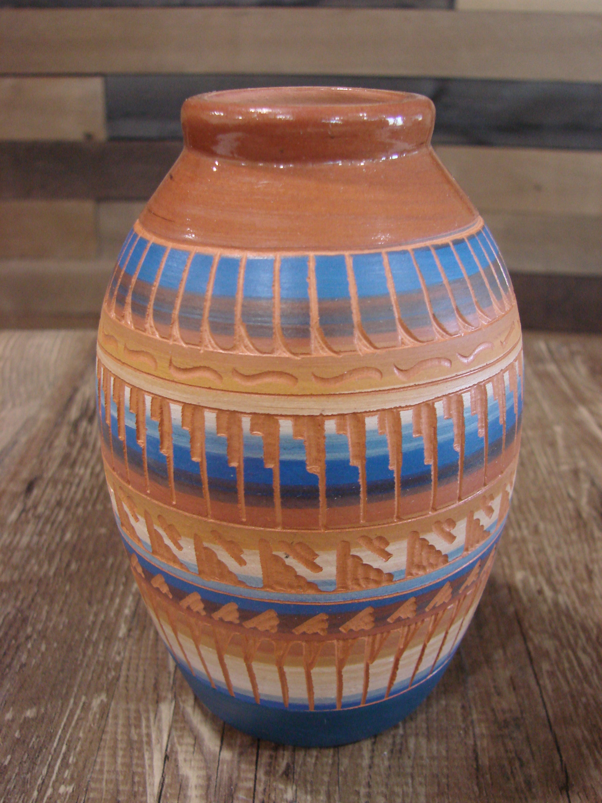 Genuine Native American Navajo Indian Hand Etched and Hand Painted Pottery from Western New Mexico. This beautiful piece of pottery features stunning Hand Painted and traditional Hand Etched Navajo patterns throughout. Hand etched and painted by M. Gilmore. Signed "MG" on the bottom. Free shipping included!
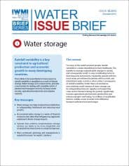 International Water Management Institute (IWMI). 2010. Water storage (Revised 2015). Colombo, Sri Lanka: International Water Management Institute (IWMI). 4p. (IWMI Water Issue Brief 12). [doi: 10.5337/2010.225]
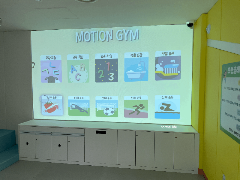 어린이의 움직임에 반응하는 모션플래시이다. 움직이는 손가락 모양으로 콘텐츠를 선택 후 손과 발을 이용하여 스크린에 나오는 미션을 진행하면 된다.
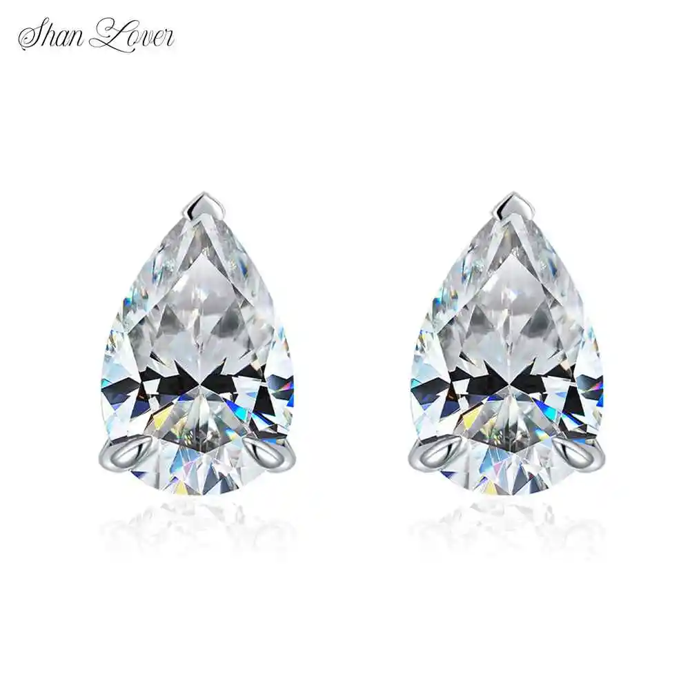ShanLover Brand High-Grade Moissanite Diamond Earrings Teardrop Design 925 Sterling Silver Stud Earrings Woman Jewelry Accessory
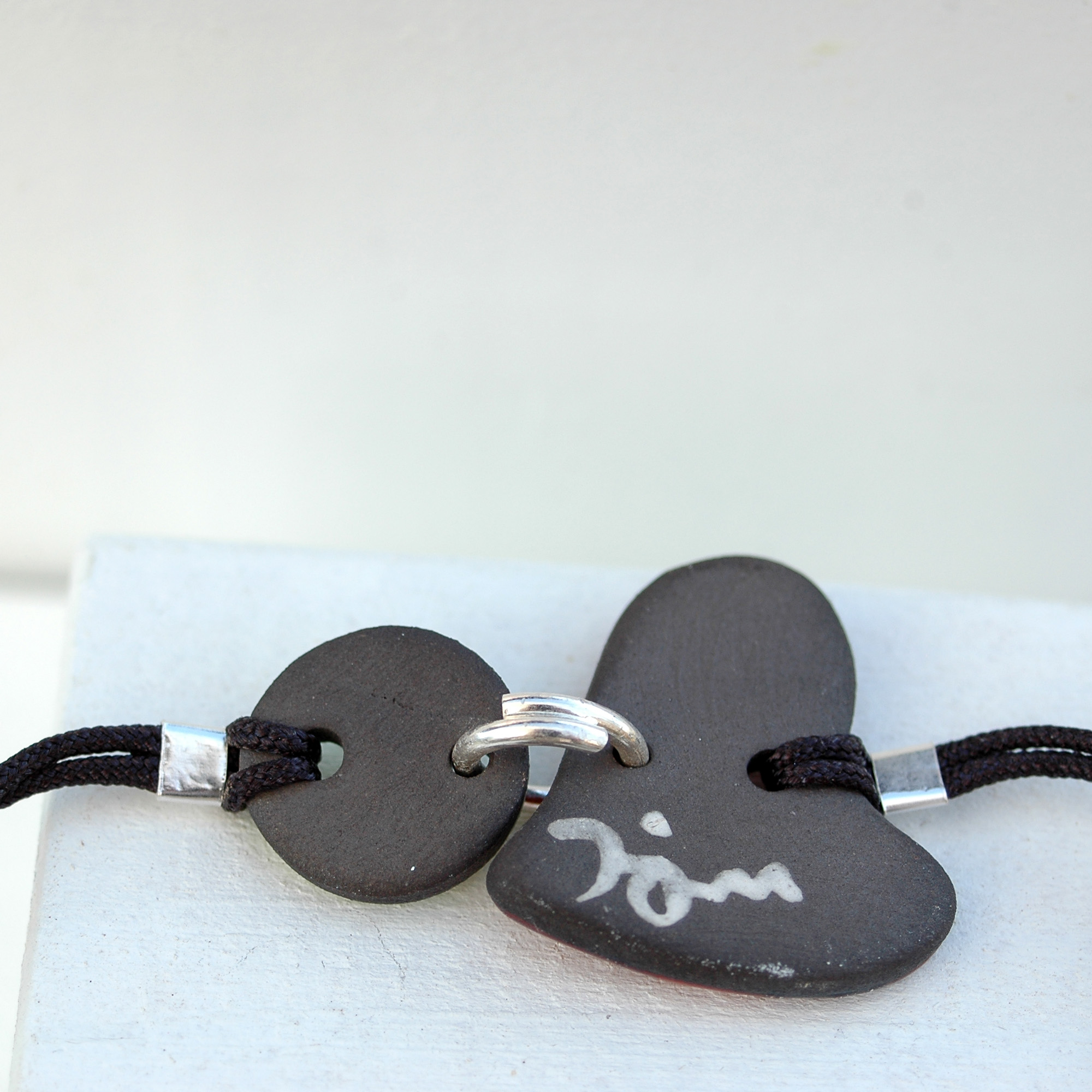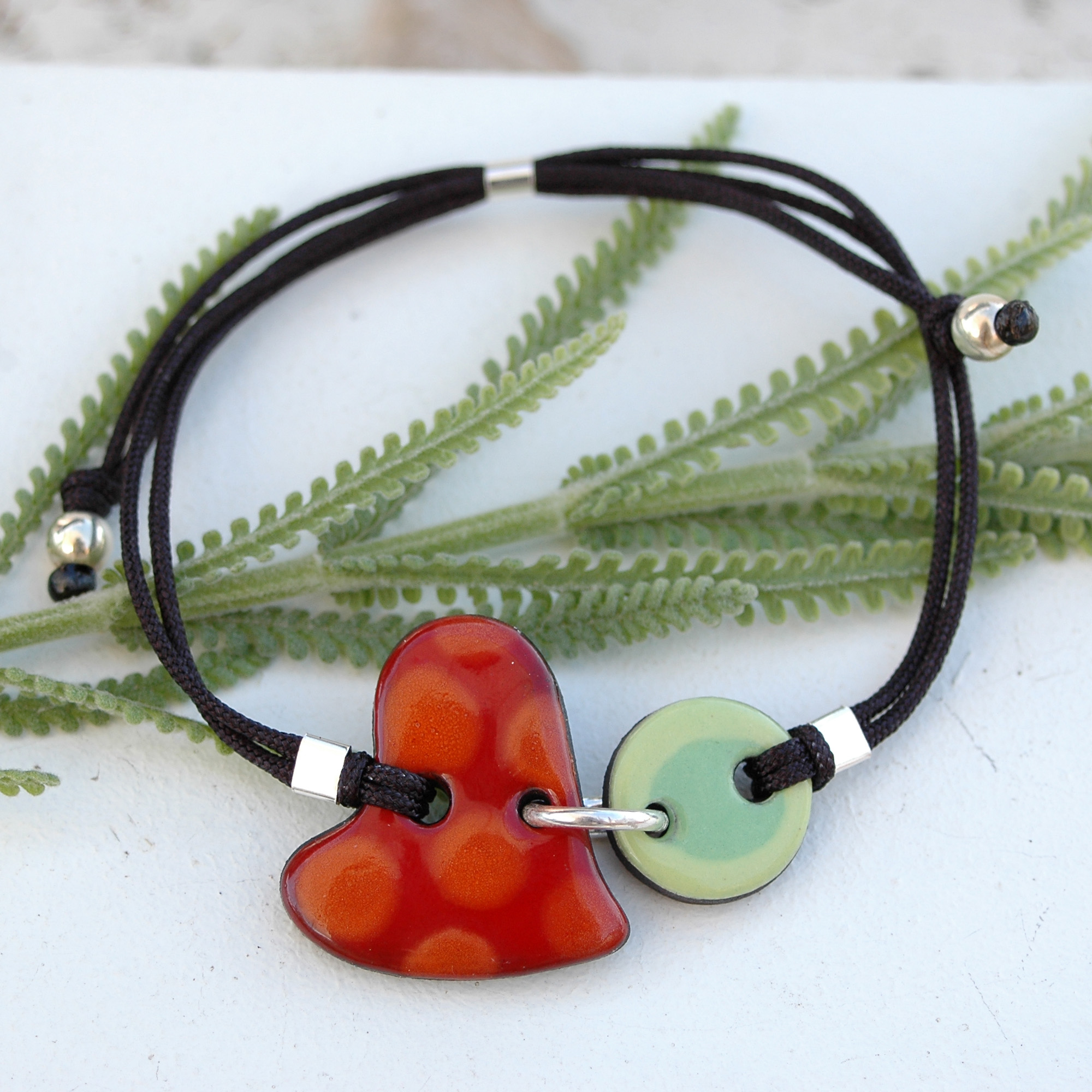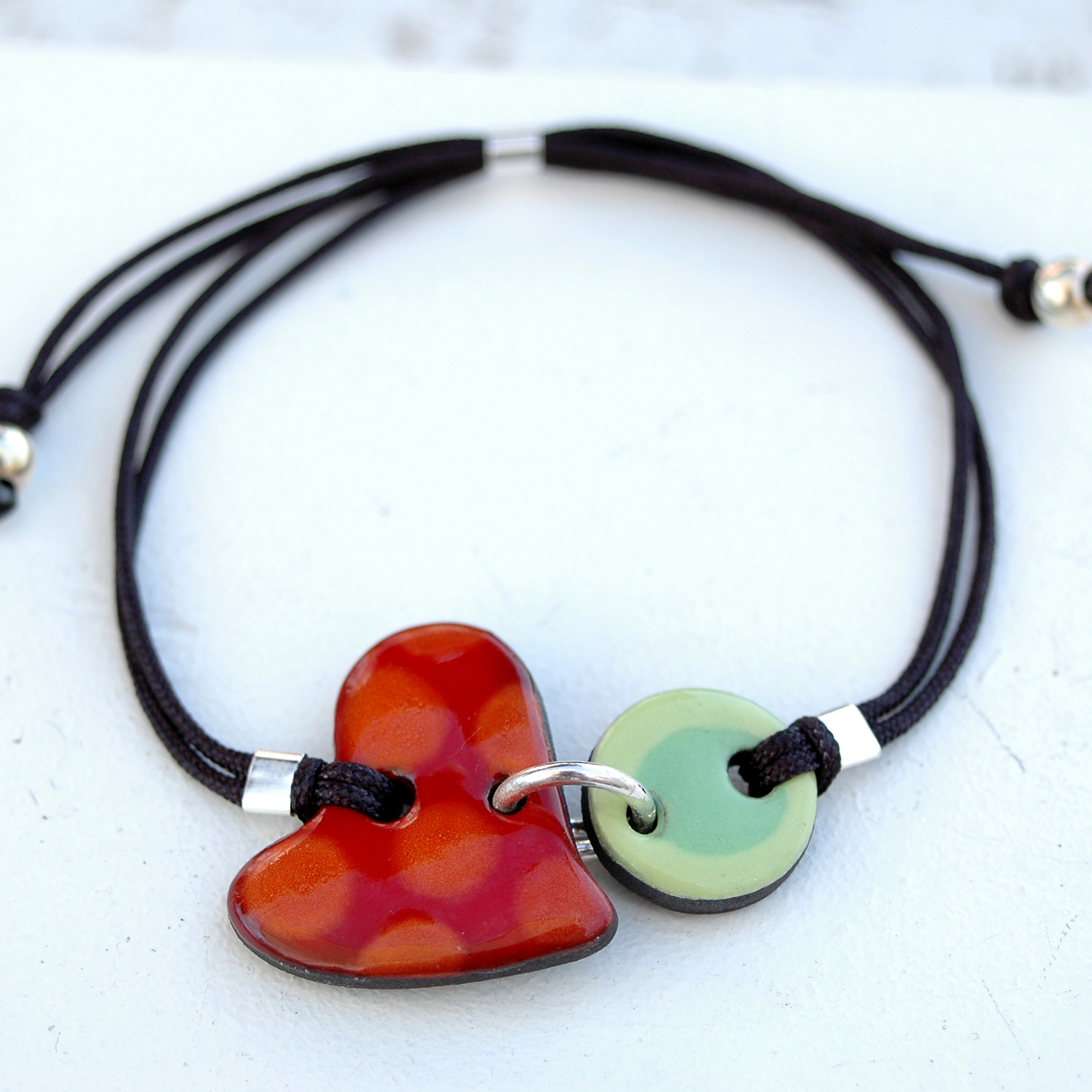 Compuesta por un corazón rojo con lunares naranjas y una pieza redonda verde lima unida por una anilla de plata. El cordón fabricado en nailon tiene pequeñas bolitas de plata en los extremos. El sistema de cierre es ajustable. Utilizo arcilla negra y esmaltes cerámicos.
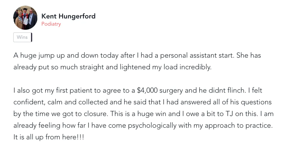 "Even if I was making 7 figure revenue, my expenses were so high. My take home net profit was ridiculously low. Now I am in your mastermind and implementing your systems in my practice, things are so much more efficient and my profits has increased tremendously without adding more work hours"
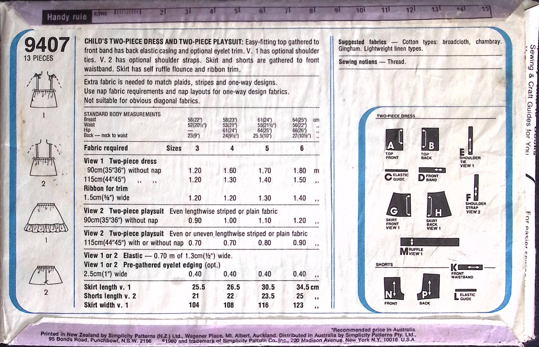 Child’s Two-Piece Dress & Two-Piece Play-Suit: The easy-fitting top is gathered to a front band and features a back elastic casing for a comfortable fit. You can add optional eyelet trim, shoulder ties, or shoulder straps for extra charm. The skirt and shorts, also gathered to a front waistband, boast back elastic casings for flexibility. The skirt includes a self-ruffle flounce and ribbon trim, adding a playful touch to the outfit. ©1980.
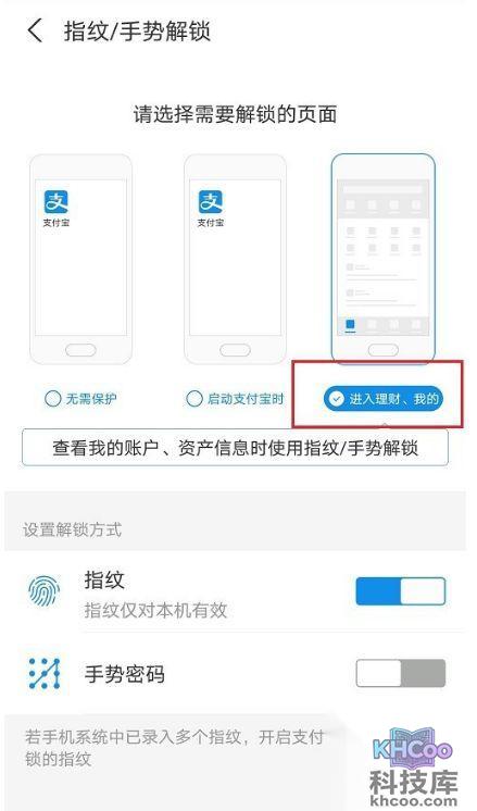 第四步:进去解锁设置之后,选择进入理财、我的界面需要解锁
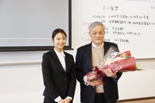 講演後は、ゼミ生からの花束を微笑みながら受け取り、「学生の皆さん、どうか志と誠実さ持って、これからの人生を過ごしてください」と力強いメッセージを贈りました。
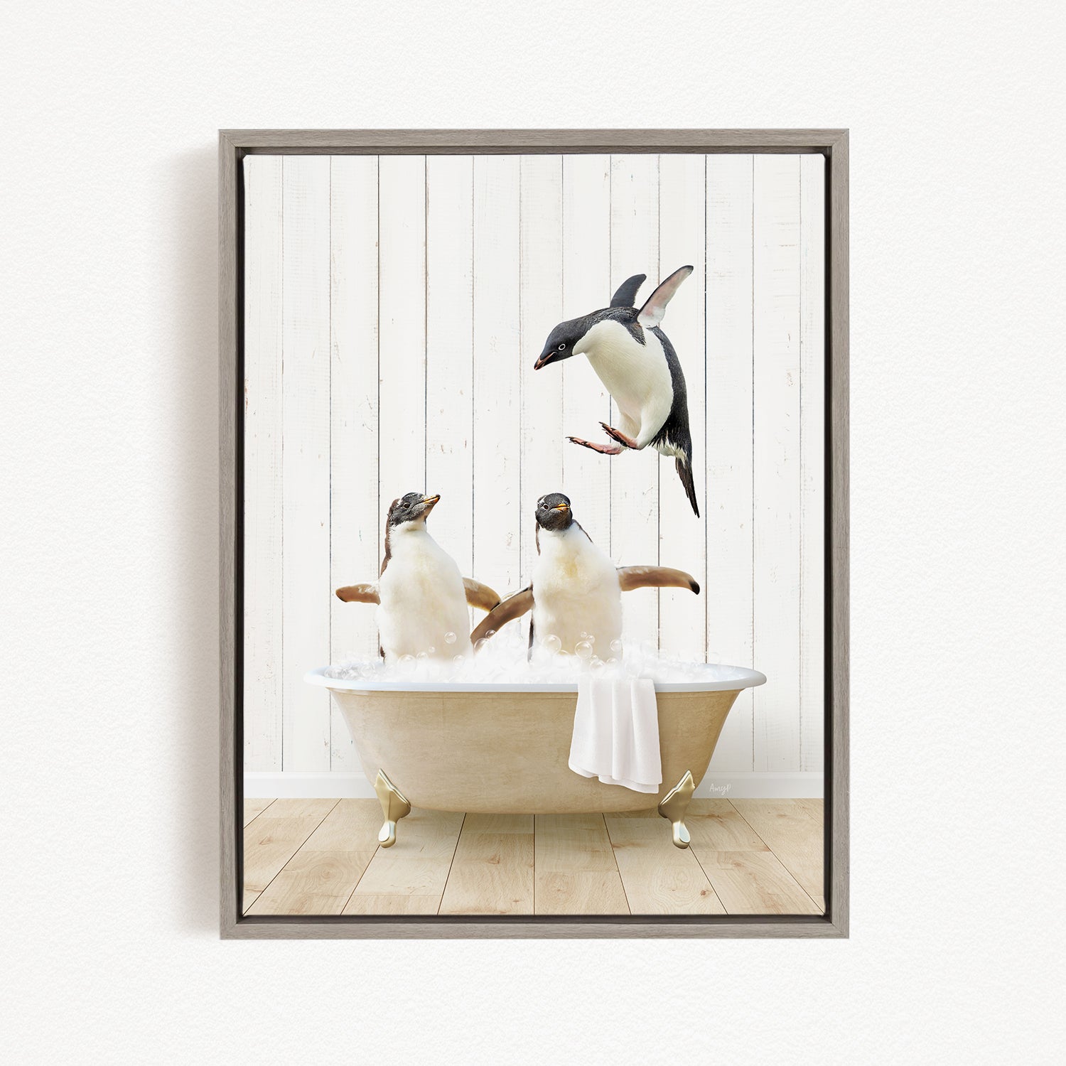 A framed image depicting three penguins sitting in a bathtub, with one penguin flying towards the others.
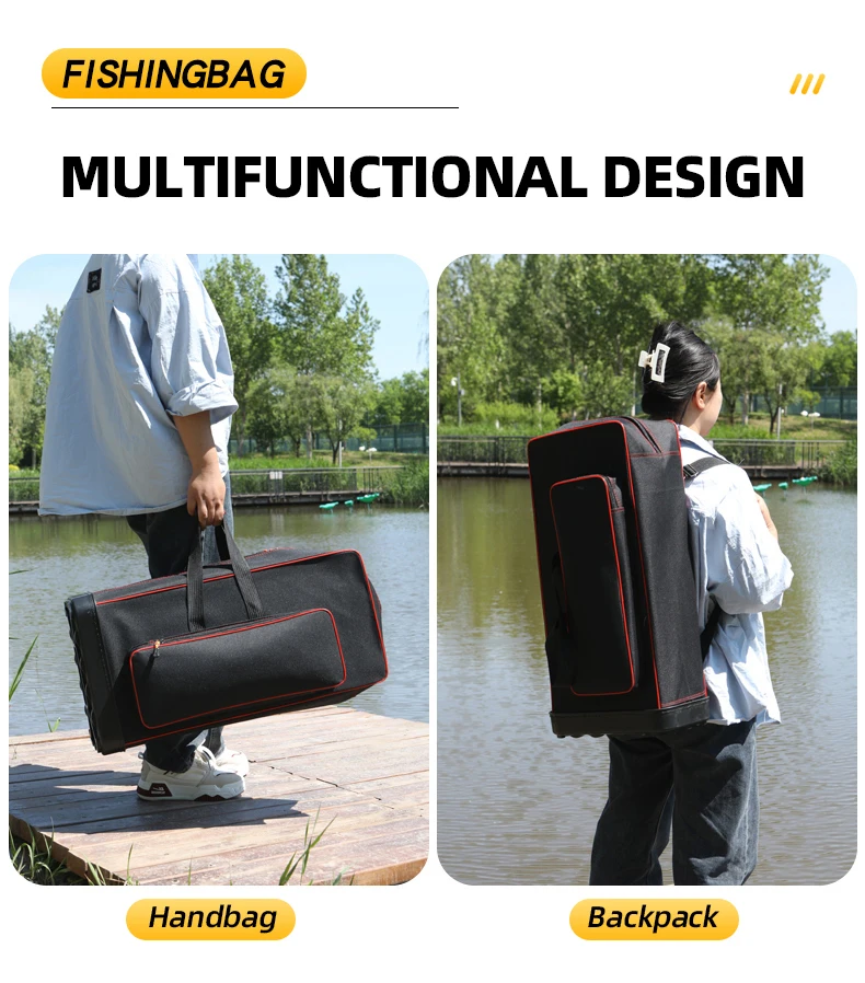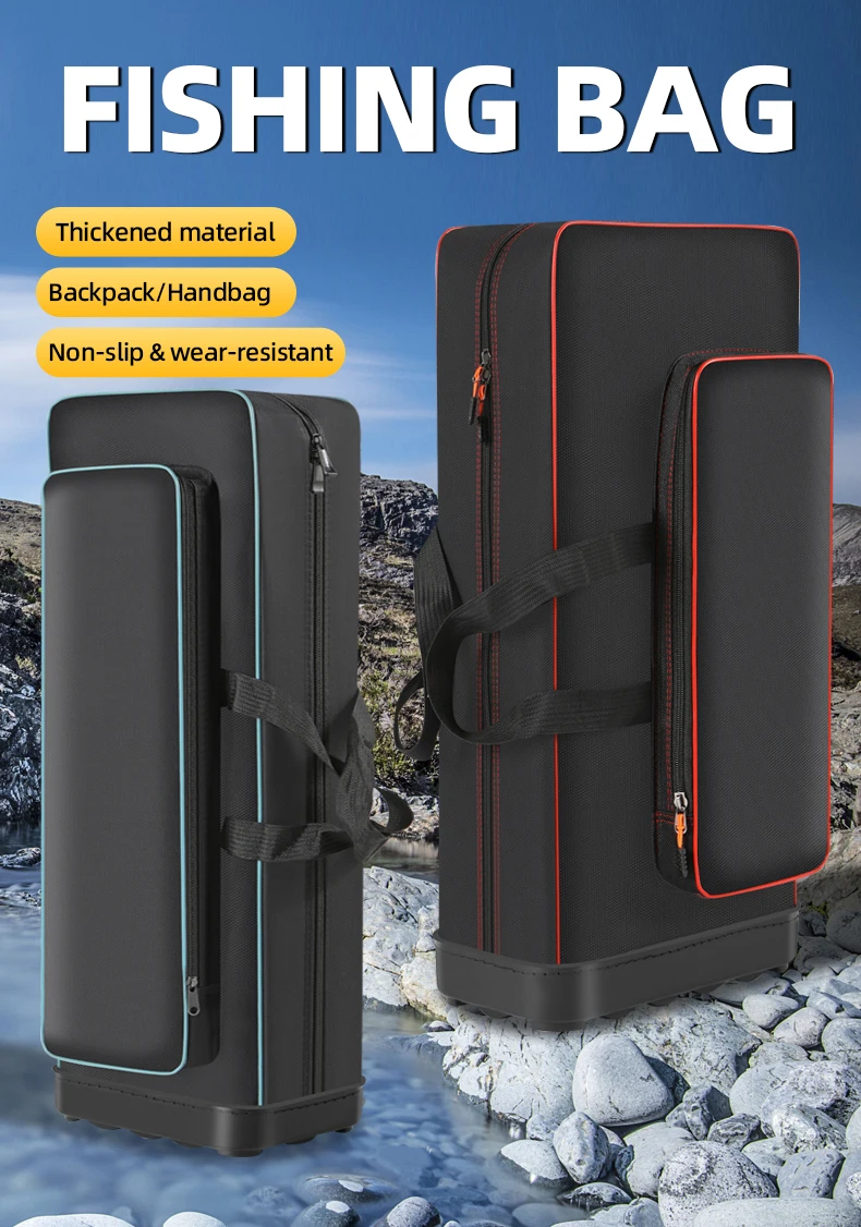 Bolsa de pesca de gran almacenamiento para viajes al aire libre, entrenamiento, senderismo, Camping, mochila, Base de carcasa dura, bolsa de equipo de varilla multifuncional
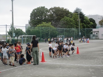 今年は、久しぶりに全校児童が校庭に集合して一緒に走ります。
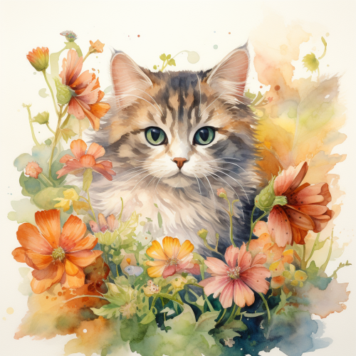 anime style painting with splashes and brushstrokes and textured background light gray fluffy tabby cat with Christmas wreath and garland with glowing lights

_WHAT THE EXERCISE ASKS_
Would you transcribe each of the entries exactly, skipping the pictures?

_RESPONSE TO THIS TASK_
 Genuine Native American Navajo Indian Hand Etched and Hand Painted Pottery from Western New Mexico. This beautiful piece of pottery features stunning Hand Painted and traditional Hand Etched Navajo patterns throughout. Hand etched and painted by M. Gilmore. Signed "MG" on the bottom. Free shipping included!
 International Water Management Institute (IWMI). 2010. Water storage (Revised 2015). Colombo, Sri Lanka: International Water Management Institute (IWMI). 4p. (IWMI Water Issue Brief 12). [doi: 10.5337/2010.225]
 어린이의 움직임에 반응하는 모션플래시이다. 움직이는 손가락 모양으로 콘텐츠를 선택 후 손과 발을 이용하여 스크린에 나오는 미션을 진행하면 된다.
ShanLover Brand High-Grade Moissanite Diamond Earrings Teardrop Design 925 Sterling Silver Stud Earrings Woman Jewelry Accessory
 Compuesta por un corazón rojo con lunares naranjas y una pieza redonda verde lima unida por una anilla de plata. El cordón fabricado en nailon tiene pequeñas bolitas de plata en los extremos. El sistema de cierre es ajustable. Utilizo arcilla negra y esmaltes cerámicos.
 "Even if I was making 7 figure revenue, my expenses were so high. My take home net profit was ridiculously low. Now I am in your mastermind and implementing your systems in my practice, things are so much more efficient and my profits has increased tremendously without adding more work hours"
 Child’s Two-Piece Dress & Two-Piece Play-Suit: The easy-fitting top is gathered to a front band and features a back elastic casing for a comfortable fit. You can add optional eyelet trim, shoulder ties, or shoulder straps for extra charm. The skirt and shorts, also gathered to a front waistband, boast back elastic casings for flexibility. The skirt includes a self-ruffle flounce and ribbon trim, adding a playful touch to the outfit. ©1980.
 第四步:进去解锁设置之后,选择进入理财、我的界面需要解锁
 講演後は、ゼミ生からの花束を微笑みながら受け取り、「学生の皆さん、どうか志と誠実さ持って、これからの人生を過ごしてください」と力強いメッセージを贈りました。
 A framed image depicting three penguins sitting in a bathtub, with one penguin flying towards the others.
 Bolsa de pesca de gran almacenamiento para viajes al aire libre, entrenamiento, senderismo, Camping, mochila, Base de carcasa dura, bolsa de equipo de varilla multifuncional
 今年は、久しぶりに全校児童が校庭に集合して一緒に走ります。
 anime style painting with splashes and brushstrokes and textured background light gray fluffy tabby cat with Christmas wreath and garland with glowing lights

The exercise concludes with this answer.